It was Duncan he talked to; men were best for discussing business. But it was Justine he took away with him at the end of the meal, one large warm thumb and forefinger gripping her upper arm. "May I?" he asked Duncan.
"Only long enough to say when I'll become a millionaire."
Duncan said, "Do you still have your mechanic?"
"Lem? Would I be here if I didn't? He's in the purple trailer. He knew you were coming; go right in."
Alonzo walked with his head down, still holding Justine's arm. "You must excuse the state of my place," he said. "I have too many people in it now. My wife has left me but one of her children stayed behind to keep me company. And also Bobby. You've met Bobby, my stepson.
Actually my fourth wife's stepson, her ex-husband's boy by a woman from Tampa, Florida. Would you care for Turkish coffee?"
"No, thank you," said Justine, and she stepped inside the little green trailer. Although it was crowded it was neater than her own house, with pots and pans arranged in rows in the tiny kitchen and account books stacked at one end of the corduroy daybed. There was a coffee table that had a stripped look, as if he had just recently cleared it. He smoothed it now with both hands. "For the cards," he said.

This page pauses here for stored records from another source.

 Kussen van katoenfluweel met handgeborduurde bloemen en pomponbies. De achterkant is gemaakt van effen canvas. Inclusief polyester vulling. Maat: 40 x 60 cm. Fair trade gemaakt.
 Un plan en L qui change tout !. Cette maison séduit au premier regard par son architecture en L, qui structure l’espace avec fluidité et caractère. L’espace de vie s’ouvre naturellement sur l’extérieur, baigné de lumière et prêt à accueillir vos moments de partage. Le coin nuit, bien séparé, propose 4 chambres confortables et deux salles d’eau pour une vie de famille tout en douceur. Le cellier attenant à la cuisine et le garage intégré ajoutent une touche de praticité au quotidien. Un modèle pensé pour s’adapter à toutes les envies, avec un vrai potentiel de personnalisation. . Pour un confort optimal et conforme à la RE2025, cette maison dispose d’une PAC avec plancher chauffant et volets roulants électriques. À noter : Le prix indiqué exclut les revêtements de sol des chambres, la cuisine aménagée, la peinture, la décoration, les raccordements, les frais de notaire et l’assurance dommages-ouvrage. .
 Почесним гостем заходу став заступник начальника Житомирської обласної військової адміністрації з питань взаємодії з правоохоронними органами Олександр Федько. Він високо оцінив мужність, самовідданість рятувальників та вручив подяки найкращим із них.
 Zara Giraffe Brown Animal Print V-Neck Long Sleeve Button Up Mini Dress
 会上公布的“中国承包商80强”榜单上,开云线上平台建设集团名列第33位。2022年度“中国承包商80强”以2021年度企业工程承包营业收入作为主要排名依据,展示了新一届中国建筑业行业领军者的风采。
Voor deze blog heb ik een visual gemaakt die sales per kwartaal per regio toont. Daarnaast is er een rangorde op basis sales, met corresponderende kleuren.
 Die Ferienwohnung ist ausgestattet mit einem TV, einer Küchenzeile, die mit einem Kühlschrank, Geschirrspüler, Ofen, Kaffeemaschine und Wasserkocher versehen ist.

"Thank you," said Justine.
She sat down on the daybed. She removed her crumb-littered coat, although even here it was cold. From her carry-all she took the cards in their square of silk.
"Where did you get the silk?" Alonzo asked. (He always did.)
"They came with the cards," she said, unwrapping them. She shuffled them several times, looking off at the blue air outside the trailer window.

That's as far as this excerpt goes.